# [Your goal]
Would you retype the entries from the first line to the line bearing "鍍金斑馬墜飾,合金鍊身點綴有黑色瑪瑙墜飾。", both included, leaving out every picture?

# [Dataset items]
------
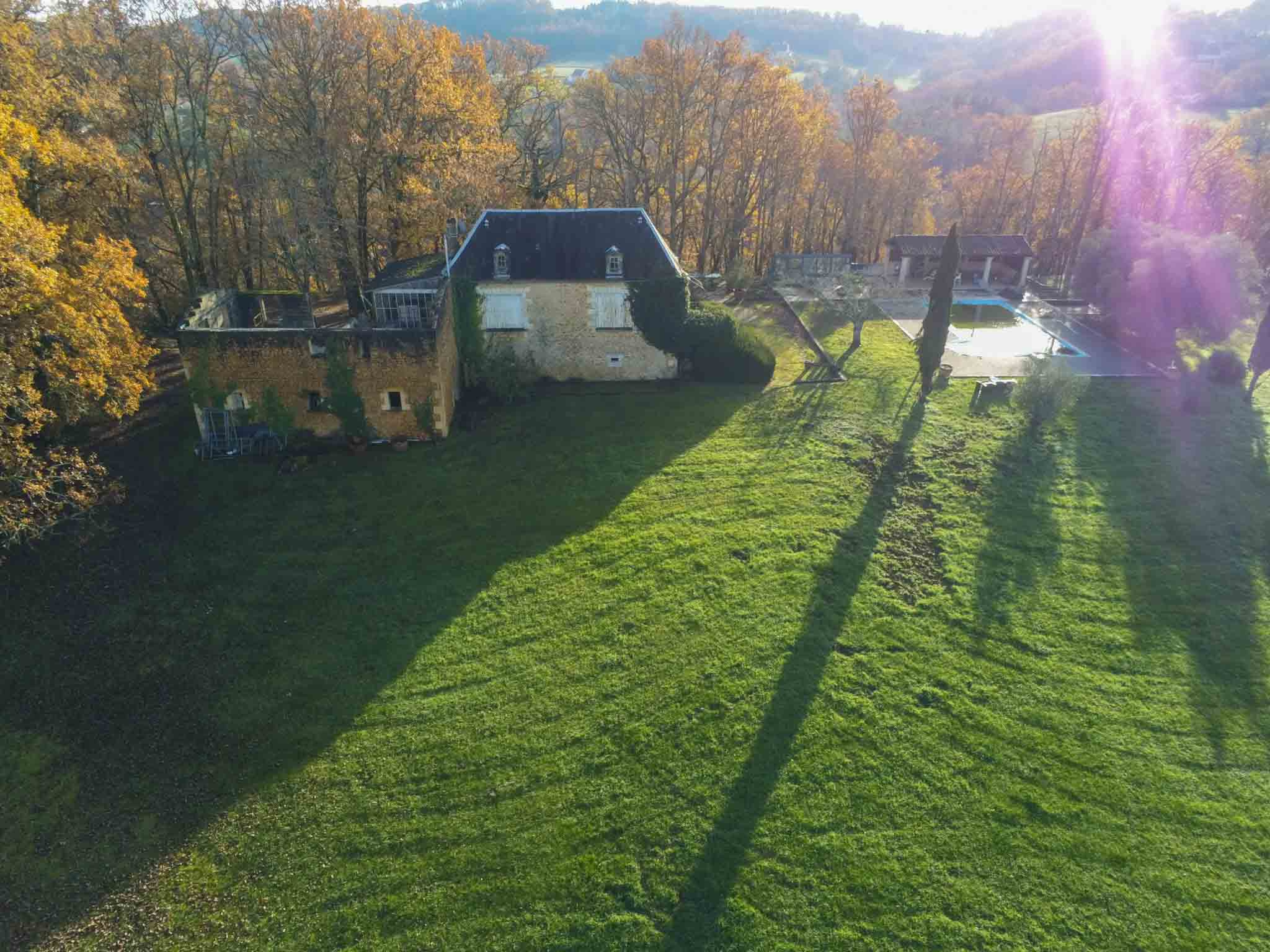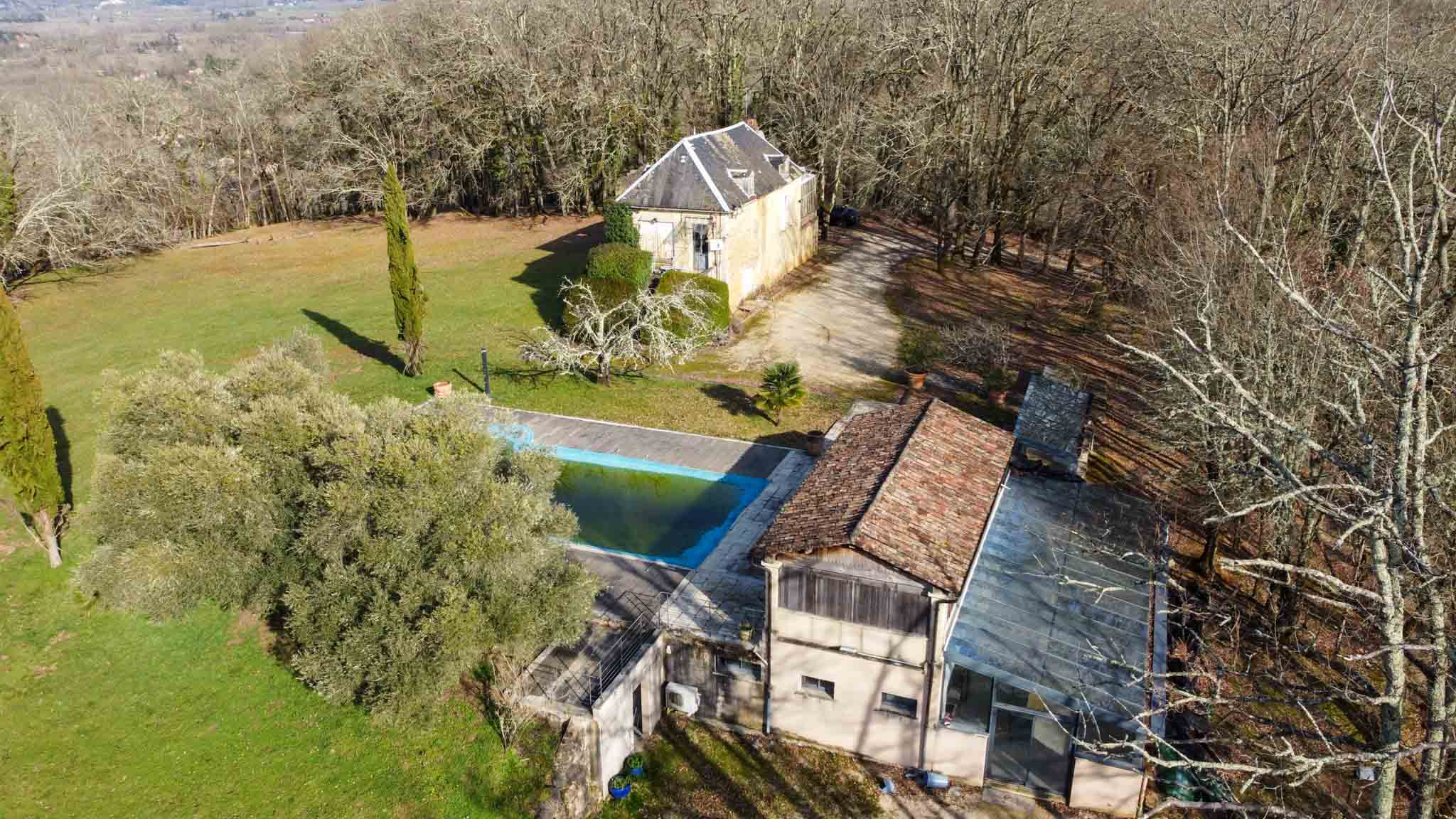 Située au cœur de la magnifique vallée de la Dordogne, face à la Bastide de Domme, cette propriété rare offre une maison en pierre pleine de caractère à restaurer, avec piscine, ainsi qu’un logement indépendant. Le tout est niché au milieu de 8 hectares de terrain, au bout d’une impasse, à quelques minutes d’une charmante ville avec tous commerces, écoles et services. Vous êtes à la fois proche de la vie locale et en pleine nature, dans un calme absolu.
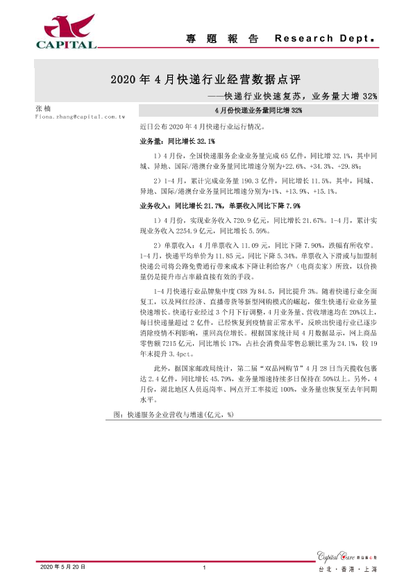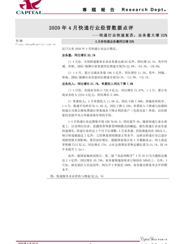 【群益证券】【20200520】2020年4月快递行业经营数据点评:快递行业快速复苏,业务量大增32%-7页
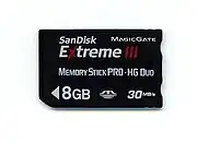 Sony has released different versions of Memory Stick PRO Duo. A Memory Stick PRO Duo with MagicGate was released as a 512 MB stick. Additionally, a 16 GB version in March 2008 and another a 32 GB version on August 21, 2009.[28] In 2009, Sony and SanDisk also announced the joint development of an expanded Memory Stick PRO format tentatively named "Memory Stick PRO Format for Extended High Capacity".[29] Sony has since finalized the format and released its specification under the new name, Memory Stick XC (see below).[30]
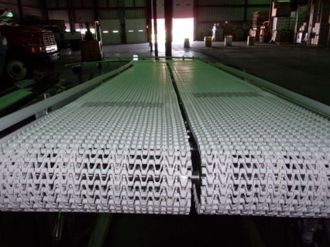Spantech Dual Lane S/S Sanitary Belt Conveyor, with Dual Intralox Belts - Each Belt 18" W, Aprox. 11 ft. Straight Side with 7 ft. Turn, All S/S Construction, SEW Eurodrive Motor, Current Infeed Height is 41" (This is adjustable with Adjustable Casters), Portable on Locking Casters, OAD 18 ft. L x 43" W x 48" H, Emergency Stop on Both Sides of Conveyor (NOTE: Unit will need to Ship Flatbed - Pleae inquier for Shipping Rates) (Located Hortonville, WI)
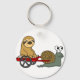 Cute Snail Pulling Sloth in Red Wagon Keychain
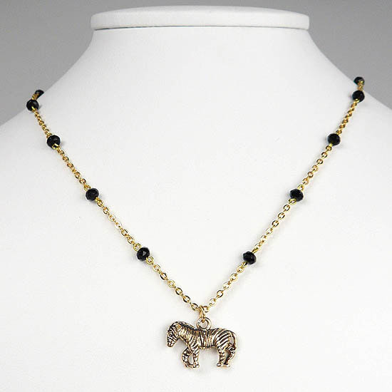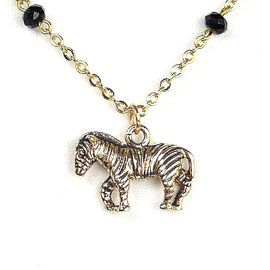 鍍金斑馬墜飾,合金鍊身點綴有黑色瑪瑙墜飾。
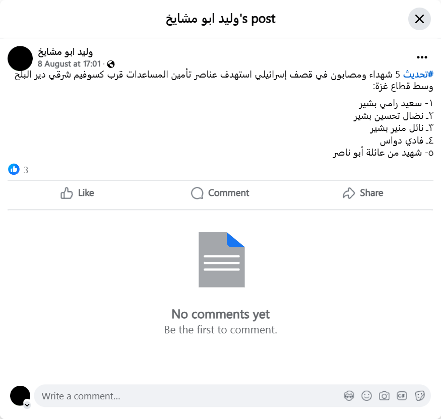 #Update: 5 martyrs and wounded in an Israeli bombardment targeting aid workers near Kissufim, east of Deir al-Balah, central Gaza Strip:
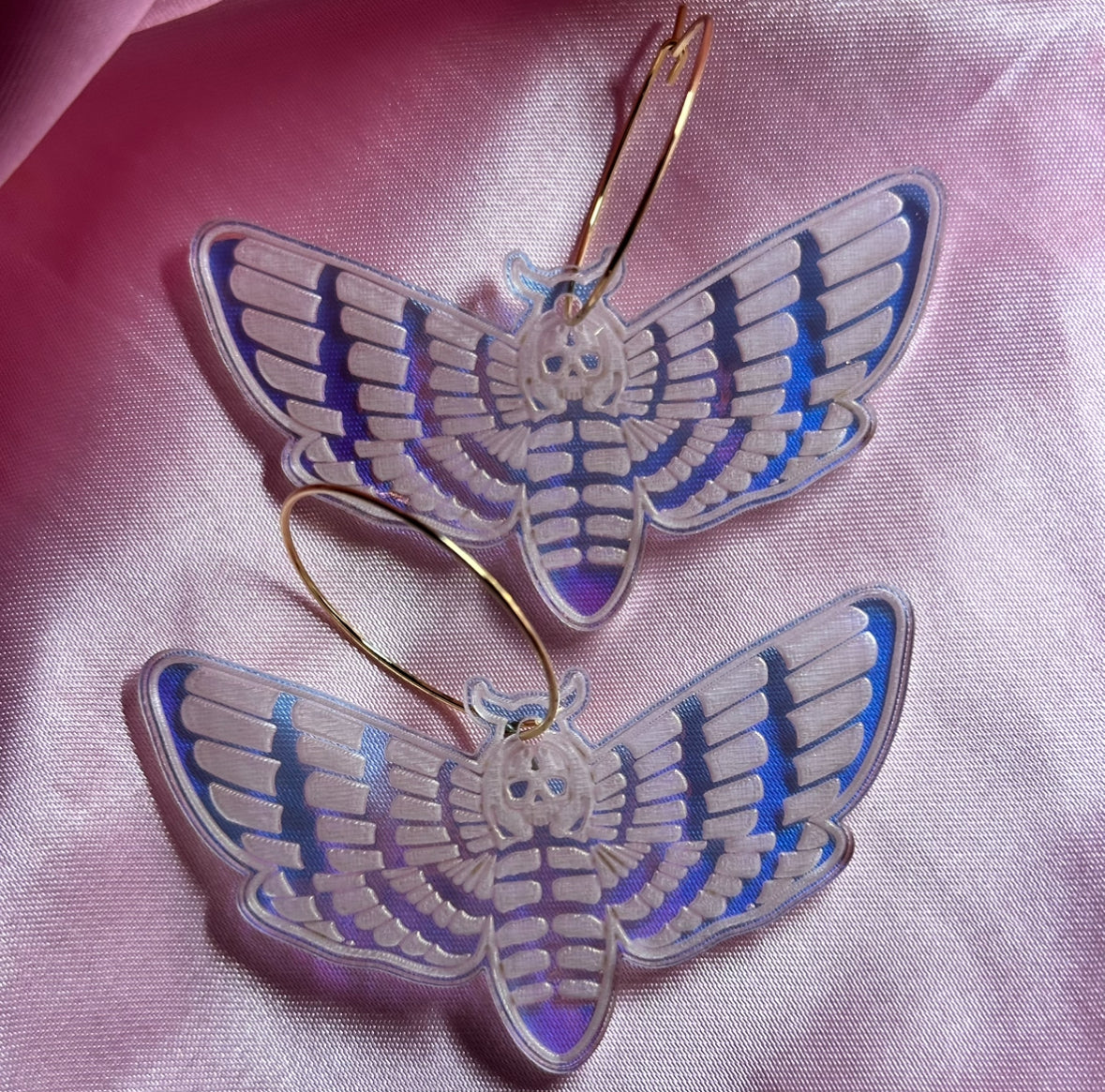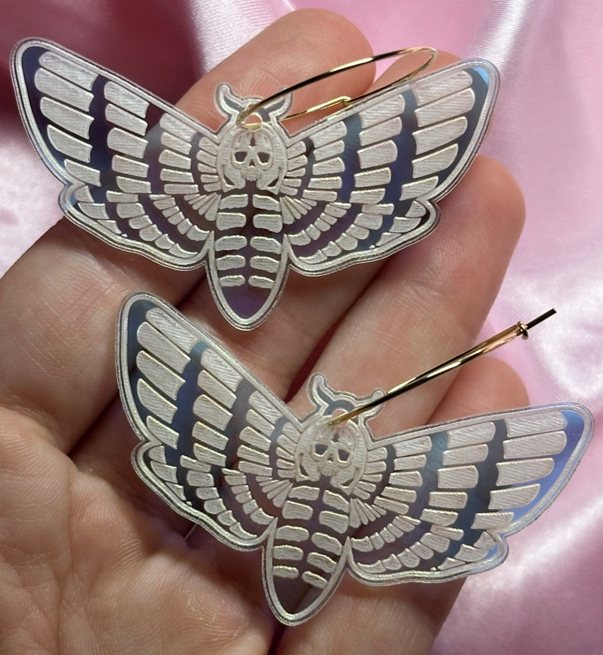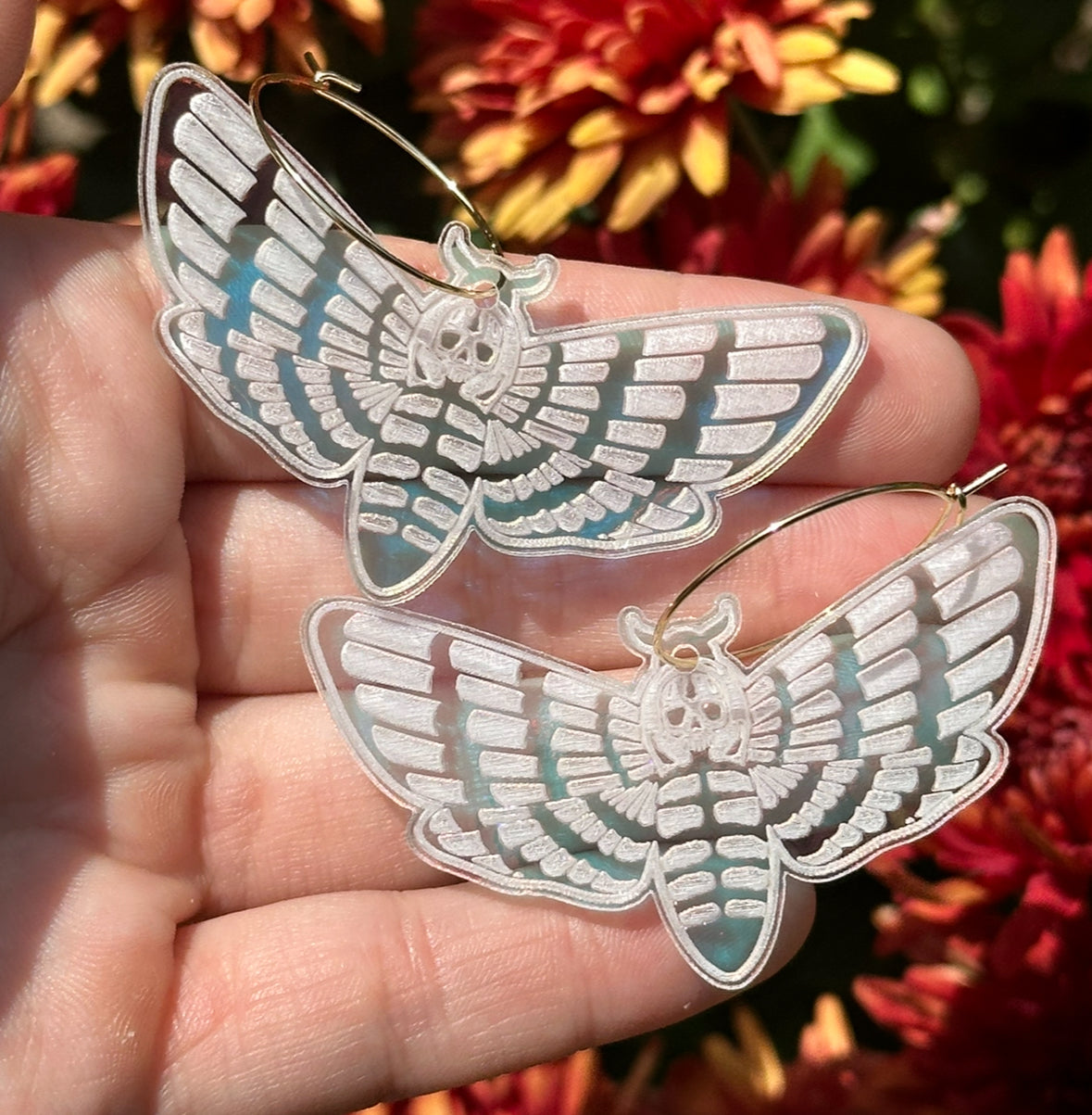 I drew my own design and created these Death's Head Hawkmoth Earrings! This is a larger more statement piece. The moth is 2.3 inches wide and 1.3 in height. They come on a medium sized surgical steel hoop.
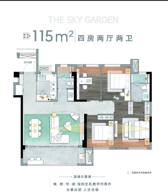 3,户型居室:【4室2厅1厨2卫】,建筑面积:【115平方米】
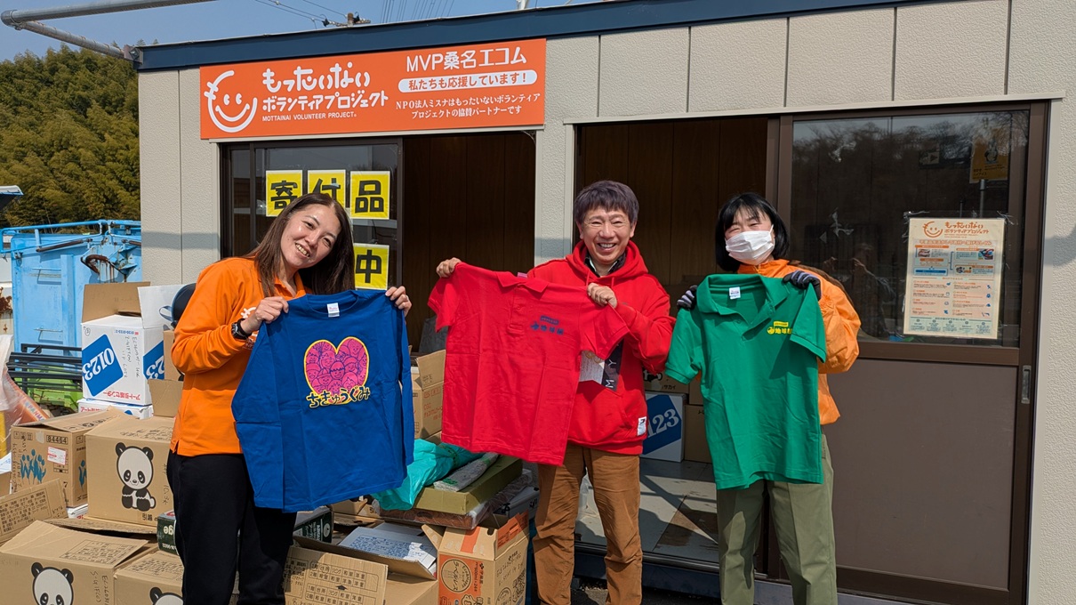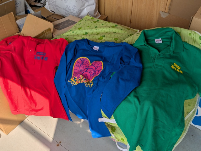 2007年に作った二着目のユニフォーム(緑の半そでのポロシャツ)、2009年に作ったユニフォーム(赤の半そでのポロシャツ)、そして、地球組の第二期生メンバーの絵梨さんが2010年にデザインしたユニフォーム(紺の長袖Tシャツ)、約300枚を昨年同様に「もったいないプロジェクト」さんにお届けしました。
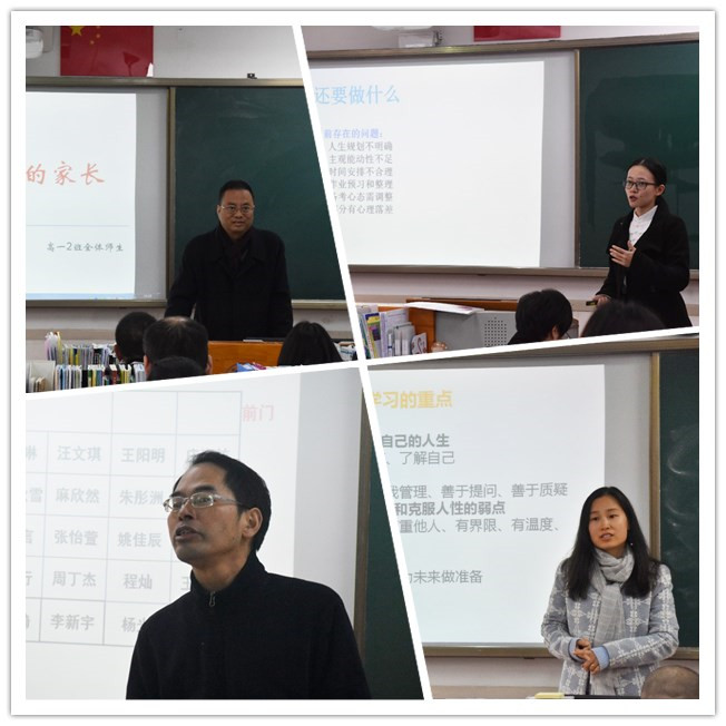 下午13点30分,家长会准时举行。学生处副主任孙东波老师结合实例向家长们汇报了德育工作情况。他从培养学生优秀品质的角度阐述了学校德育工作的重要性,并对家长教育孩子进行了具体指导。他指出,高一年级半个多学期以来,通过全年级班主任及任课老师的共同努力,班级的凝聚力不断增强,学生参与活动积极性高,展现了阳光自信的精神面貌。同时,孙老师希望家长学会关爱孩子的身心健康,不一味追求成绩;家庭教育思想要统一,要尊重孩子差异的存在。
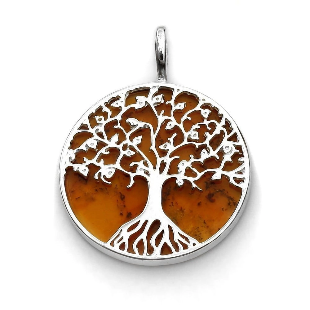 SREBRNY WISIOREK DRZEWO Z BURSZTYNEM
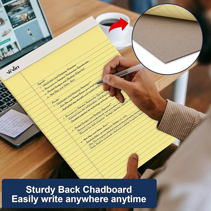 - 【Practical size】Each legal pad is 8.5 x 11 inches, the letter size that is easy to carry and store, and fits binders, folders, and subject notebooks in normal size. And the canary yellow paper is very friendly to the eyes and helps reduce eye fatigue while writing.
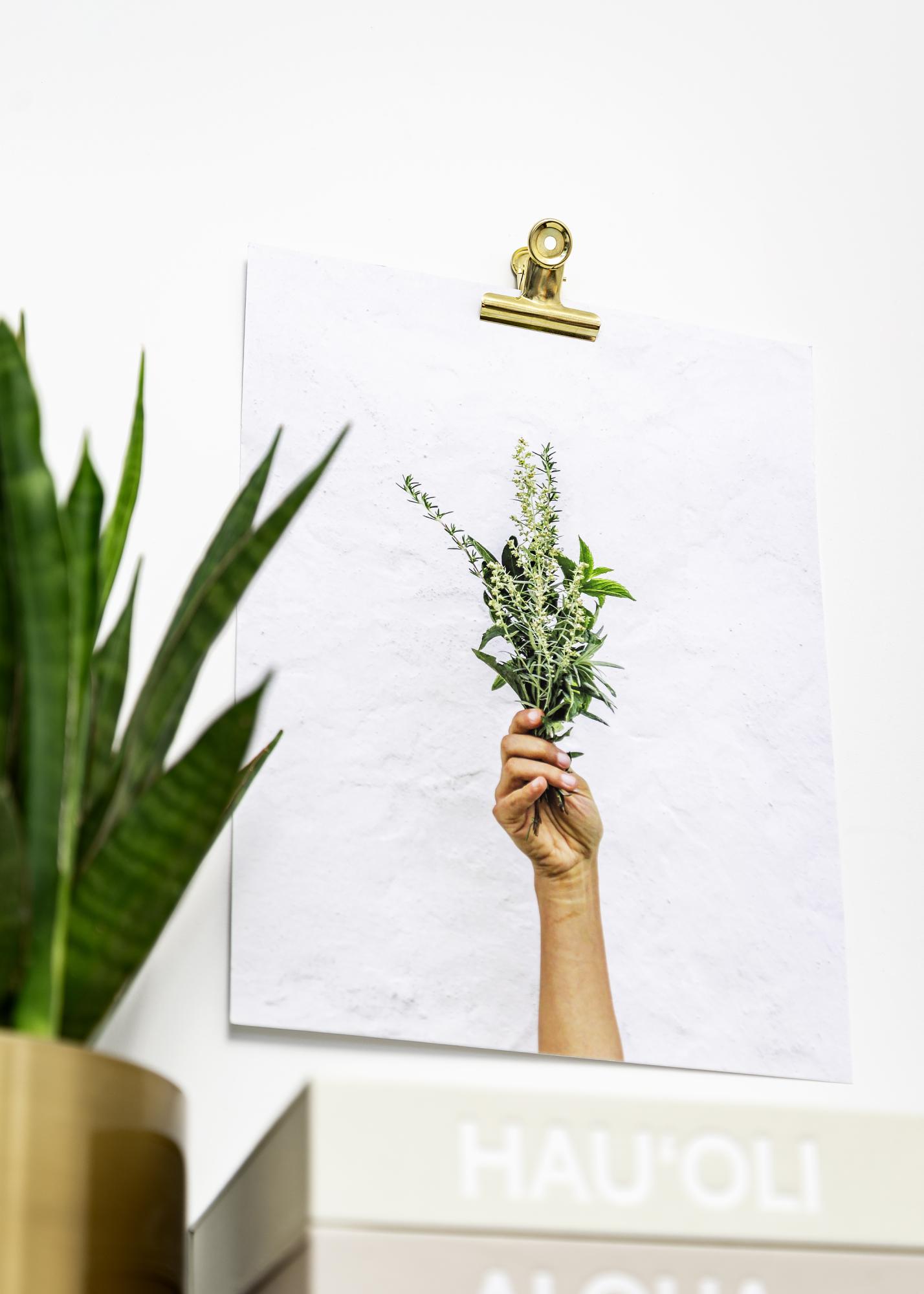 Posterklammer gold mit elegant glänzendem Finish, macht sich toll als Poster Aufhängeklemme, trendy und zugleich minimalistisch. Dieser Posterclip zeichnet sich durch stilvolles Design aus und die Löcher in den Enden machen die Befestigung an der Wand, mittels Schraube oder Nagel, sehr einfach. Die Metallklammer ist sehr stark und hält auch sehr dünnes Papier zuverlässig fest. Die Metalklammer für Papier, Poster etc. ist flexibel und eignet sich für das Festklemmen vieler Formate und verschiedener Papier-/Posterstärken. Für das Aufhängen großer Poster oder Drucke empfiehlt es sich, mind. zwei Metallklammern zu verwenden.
------
# [Response to this exercise]
 Située au cœur de la magnifique vallée de la Dordogne, face à la Bastide de Domme, cette propriété rare offre une maison en pierre pleine de caractère à restaurer, avec piscine, ainsi qu’un logement indépendant. Le tout est niché au milieu de 8 hectares de terrain, au bout d’une impasse, à quelques minutes d’une charmante ville avec tous commerces, écoles et services. Vous êtes à la fois proche de la vie locale et en pleine nature, dans un calme absolu.
 【群益证券】【20200520】2020年4月快递行业经营数据点评:快递行业快速复苏,业务量大增32%-7页
 Sony has released different versions of Memory Stick PRO Duo. A Memory Stick PRO Duo with MagicGate was released as a 512 MB stick. Additionally, a 16 GB version in March 2008 and another a 32 GB version on August 21, 2009.[28] In 2009, Sony and SanDisk also announced the joint development of an expanded Memory Stick PRO format tentatively named "Memory Stick PRO Format for Extended High Capacity".[29] Sony has since finalized the format and released its specification under the new name, Memory Stick XC (see below).[30]
Spantech Dual Lane S/S Sanitary Belt Conveyor, with Dual Intralox Belts - Each Belt 18" W, Aprox. 11 ft. Straight Side with 7 ft. Turn, All S/S Construction, SEW Eurodrive Motor, Current Infeed Height is 41" (This is adjustable with Adjustable Casters), Portable on Locking Casters, OAD 18 ft. L x 43" W x 48" H, Emergency Stop on Both Sides of Conveyor (NOTE: Unit will need to Ship Flatbed - Pleae inquier for Shipping Rates) (Located Hortonville, WI)
 Cute Snail Pulling Sloth in Red Wagon Keychain
 鍍金斑馬墜飾,合金鍊身點綴有黑色瑪瑙墜飾。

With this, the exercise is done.